_ASSIGNED TASK_.
In the listing below, find the line with "为深入学习贯彻习近平新时代中" and the line with "- Cheng, Y.L.;". Repeat those two lines and all lines between them exactly.

_INPUT FOR THIS TASK_.
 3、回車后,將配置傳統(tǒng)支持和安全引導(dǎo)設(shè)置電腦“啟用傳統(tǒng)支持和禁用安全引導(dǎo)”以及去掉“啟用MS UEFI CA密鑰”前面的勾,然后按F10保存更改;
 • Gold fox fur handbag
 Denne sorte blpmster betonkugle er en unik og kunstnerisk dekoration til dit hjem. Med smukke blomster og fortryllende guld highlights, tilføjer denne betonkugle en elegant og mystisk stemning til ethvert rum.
--
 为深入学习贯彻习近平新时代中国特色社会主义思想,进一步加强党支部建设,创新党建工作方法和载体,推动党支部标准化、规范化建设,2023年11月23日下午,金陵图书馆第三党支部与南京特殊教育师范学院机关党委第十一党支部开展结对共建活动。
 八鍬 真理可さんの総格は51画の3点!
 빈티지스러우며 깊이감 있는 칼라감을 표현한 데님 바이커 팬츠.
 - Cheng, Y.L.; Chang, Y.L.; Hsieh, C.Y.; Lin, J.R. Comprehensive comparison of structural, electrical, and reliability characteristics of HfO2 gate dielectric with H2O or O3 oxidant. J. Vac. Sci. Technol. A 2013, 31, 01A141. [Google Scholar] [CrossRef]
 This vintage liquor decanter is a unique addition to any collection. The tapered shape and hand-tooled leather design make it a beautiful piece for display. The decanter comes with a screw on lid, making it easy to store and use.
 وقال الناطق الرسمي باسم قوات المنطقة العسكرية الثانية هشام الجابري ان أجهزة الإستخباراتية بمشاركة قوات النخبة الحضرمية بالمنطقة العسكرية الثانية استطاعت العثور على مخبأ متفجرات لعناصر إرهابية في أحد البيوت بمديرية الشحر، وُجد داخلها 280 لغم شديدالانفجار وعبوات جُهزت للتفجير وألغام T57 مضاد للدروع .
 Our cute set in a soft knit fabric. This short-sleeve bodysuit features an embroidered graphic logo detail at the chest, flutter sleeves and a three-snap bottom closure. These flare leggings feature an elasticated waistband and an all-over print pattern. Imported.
...
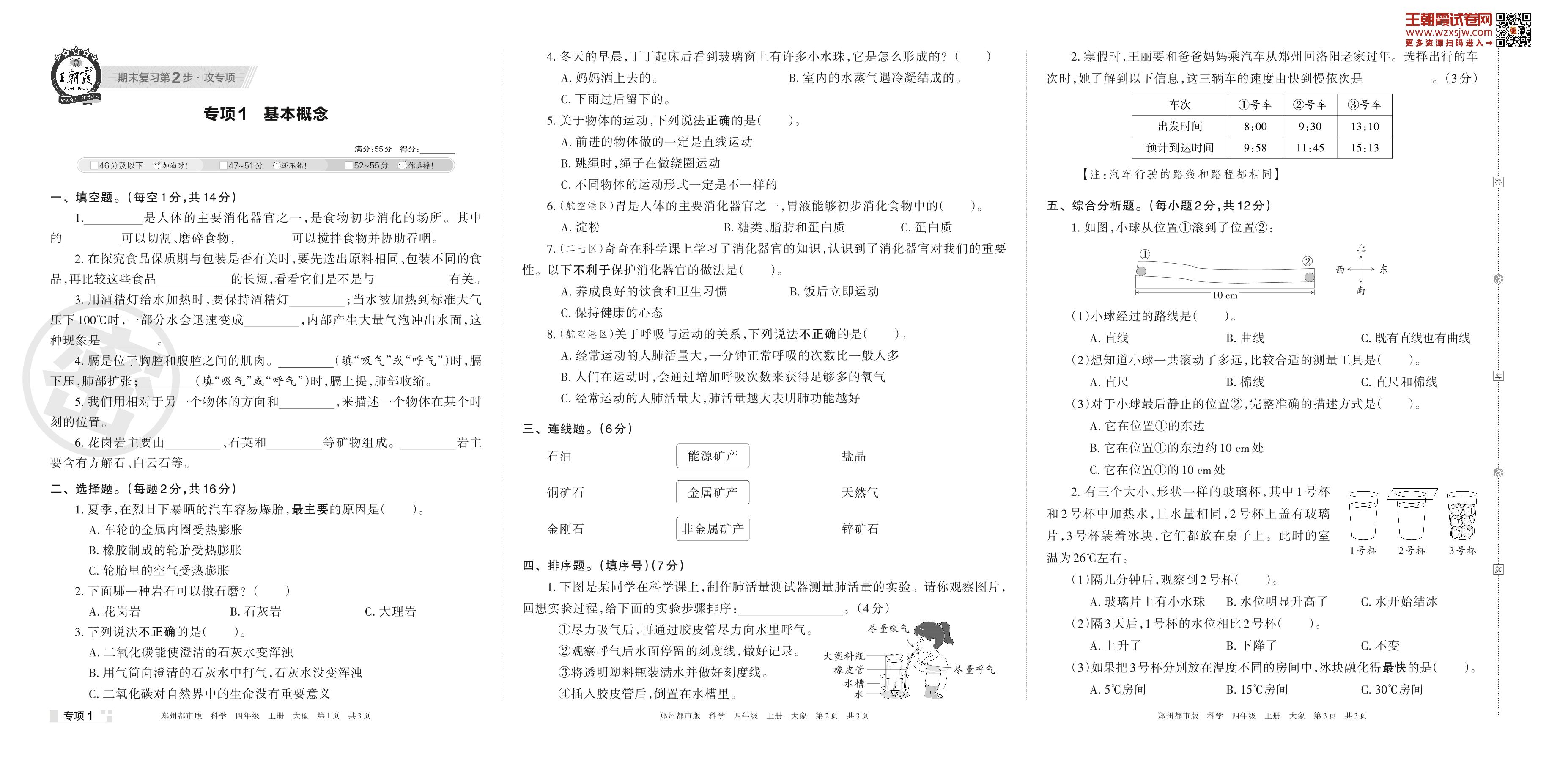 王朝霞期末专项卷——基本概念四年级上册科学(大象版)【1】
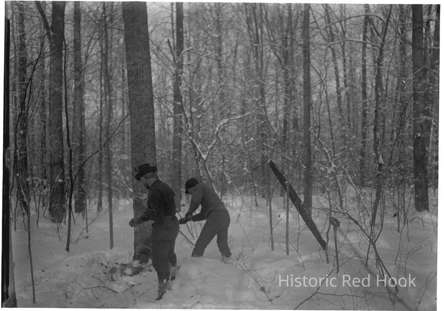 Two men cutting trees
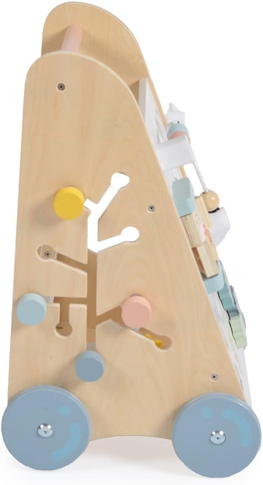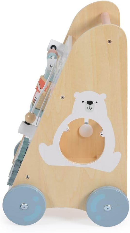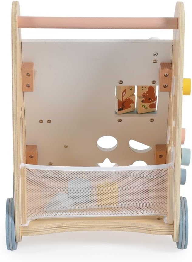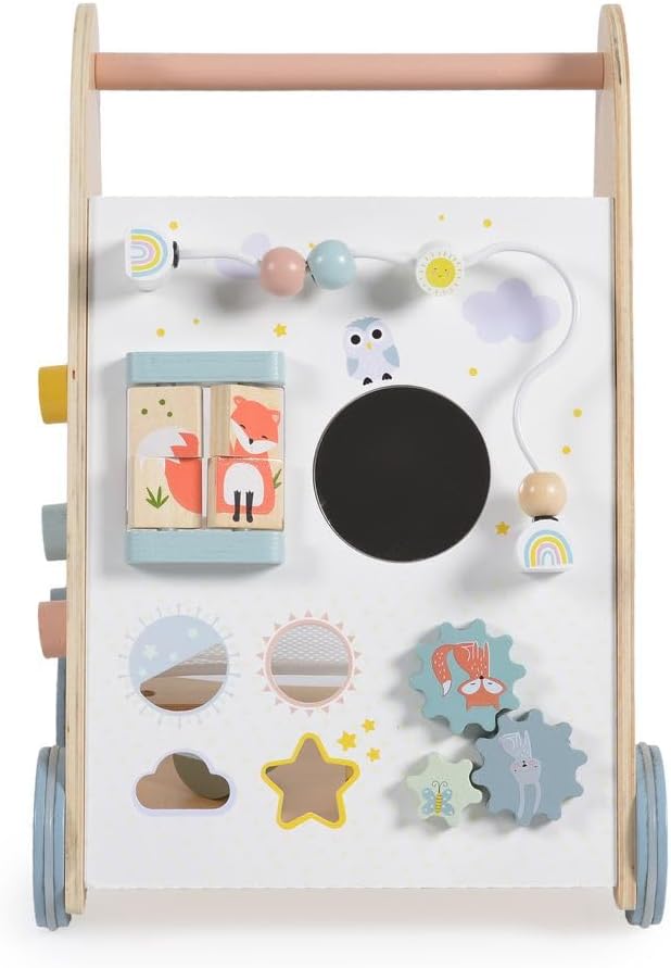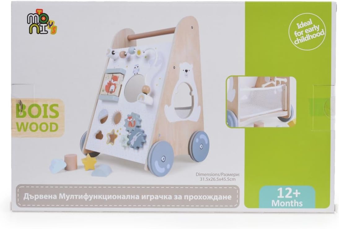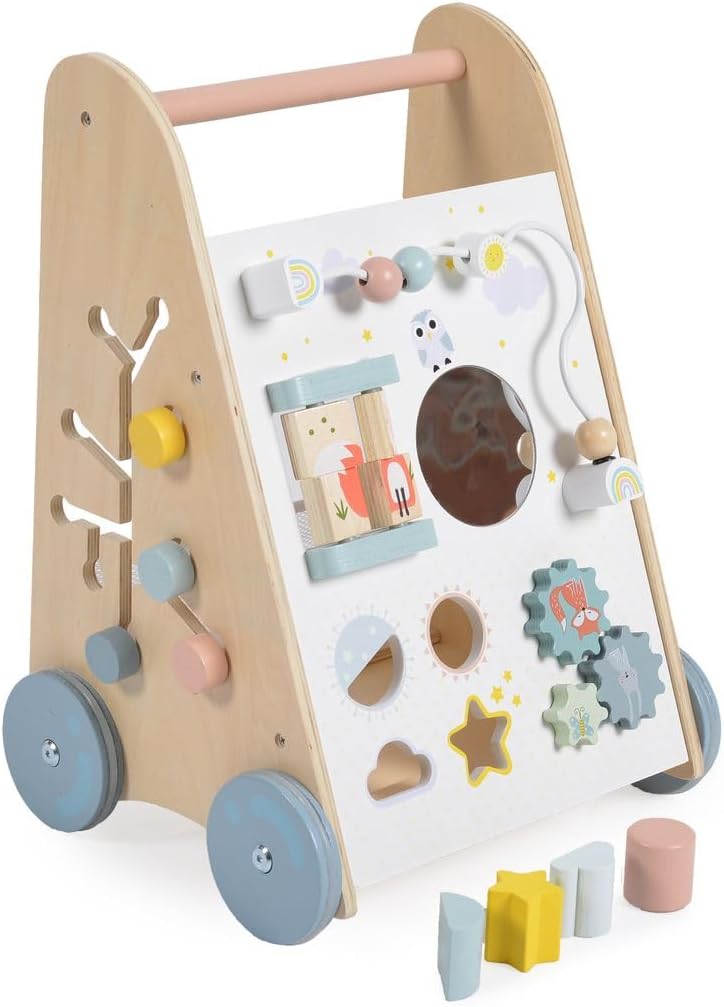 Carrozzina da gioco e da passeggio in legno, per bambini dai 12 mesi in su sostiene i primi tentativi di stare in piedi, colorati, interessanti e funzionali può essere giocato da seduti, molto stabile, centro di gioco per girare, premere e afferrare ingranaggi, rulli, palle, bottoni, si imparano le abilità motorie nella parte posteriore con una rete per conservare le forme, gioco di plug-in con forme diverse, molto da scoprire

_FINAL ANSWER_.
 为深入学习贯彻习近平新时代中国特色社会主义思想,进一步加强党支部建设,创新党建工作方法和载体,推动党支部标准化、规范化建设,2023年11月23日下午,金陵图书馆第三党支部与南京特殊教育师范学院机关党委第十一党支部开展结对共建活动。
 八鍬 真理可さんの総格は51画の3点!
 빈티지스러우며 깊이감 있는 칼라감을 표현한 데님 바이커 팬츠.
 - Cheng, Y.L.; Chang, Y.L.; Hsieh, C.Y.; Lin, J.R. Comprehensive comparison of structural, electrical, and reliability characteristics of HfO2 gate dielectric with H2O or O3 oxidant. J. Vac. Sci. Technol. A 2013, 31, 01A141. [Google Scholar] [CrossRef]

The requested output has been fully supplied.